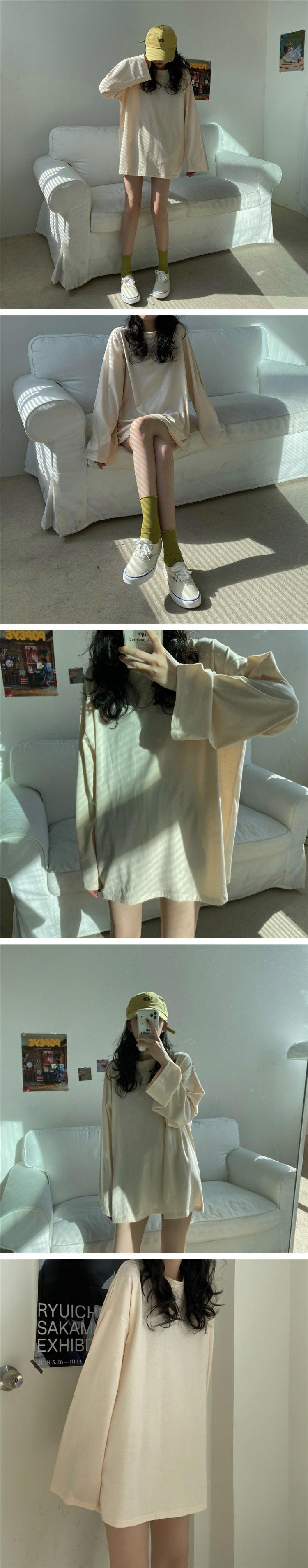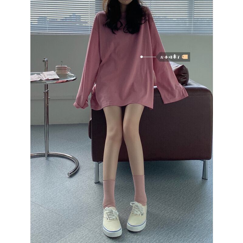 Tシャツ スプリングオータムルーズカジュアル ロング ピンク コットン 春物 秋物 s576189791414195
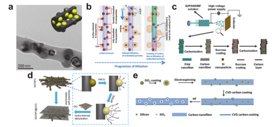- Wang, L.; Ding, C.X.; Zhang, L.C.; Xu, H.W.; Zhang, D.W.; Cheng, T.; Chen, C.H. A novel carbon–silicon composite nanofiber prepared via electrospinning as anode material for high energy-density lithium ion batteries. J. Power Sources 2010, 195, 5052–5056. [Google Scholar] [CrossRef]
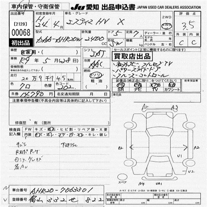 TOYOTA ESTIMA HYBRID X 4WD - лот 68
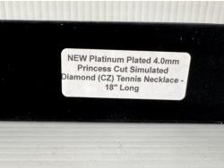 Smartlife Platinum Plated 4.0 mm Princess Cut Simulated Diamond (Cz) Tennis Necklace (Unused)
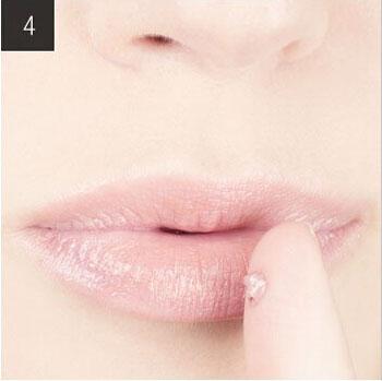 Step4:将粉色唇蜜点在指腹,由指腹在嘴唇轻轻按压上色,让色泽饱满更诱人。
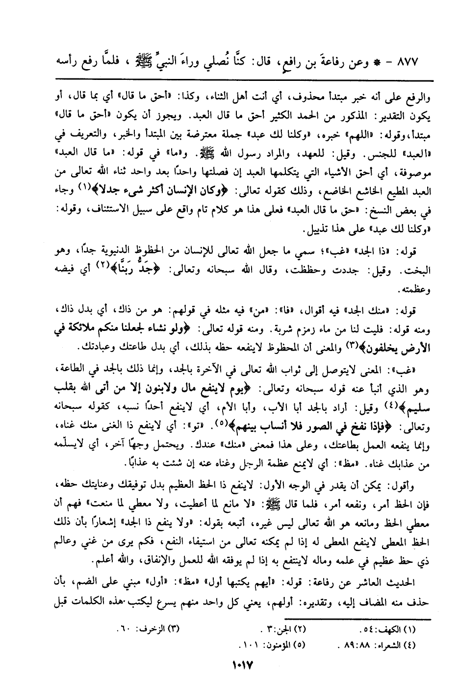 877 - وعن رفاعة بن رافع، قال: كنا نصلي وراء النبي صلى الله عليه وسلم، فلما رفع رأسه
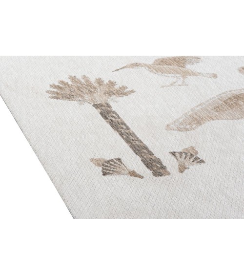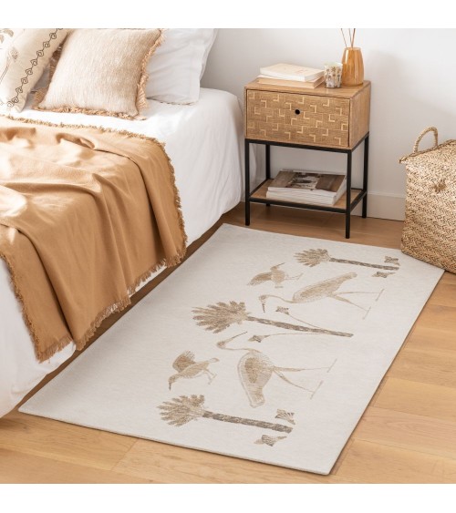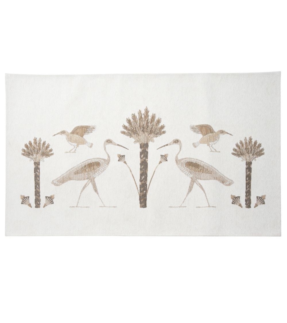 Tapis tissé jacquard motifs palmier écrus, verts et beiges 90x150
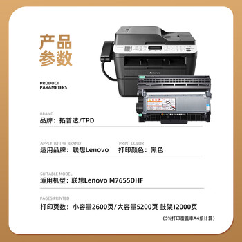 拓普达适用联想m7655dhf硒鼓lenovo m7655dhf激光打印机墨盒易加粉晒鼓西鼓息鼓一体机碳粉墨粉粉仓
□ □ □ □ □
With no pictures included, write out the entries exactly.

• _Output for this task_:
 Tシャツ スプリングオータムルーズカジュアル ロング ピンク コットン 春物 秋物 s576189791414195
- Wang, L.; Ding, C.X.; Zhang, L.C.; Xu, H.W.; Zhang, D.W.; Cheng, T.; Chen, C.H. A novel carbon–silicon composite nanofiber prepared via electrospinning as anode material for high energy-density lithium ion batteries. J. Power Sources 2010, 195, 5052–5056. [Google Scholar] [CrossRef]
 TOYOTA ESTIMA HYBRID X 4WD - лот 68
 Smartlife Platinum Plated 4.0 mm Princess Cut Simulated Diamond (Cz) Tennis Necklace (Unused)
 Step4:将粉色唇蜜点在指腹,由指腹在嘴唇轻轻按压上色,让色泽饱满更诱人。
 877 - وعن رفاعة بن رافع، قال: كنا نصلي وراء النبي صلى الله عليه وسلم، فلما رفع رأسه
 Tapis tissé jacquard motifs palmier écrus, verts et beiges 90x150
 拓普达适用联想m7655dhf硒鼓lenovo m7655dhf激光打印机墨盒易加粉晒鼓西鼓息鼓一体机碳粉墨粉粉仓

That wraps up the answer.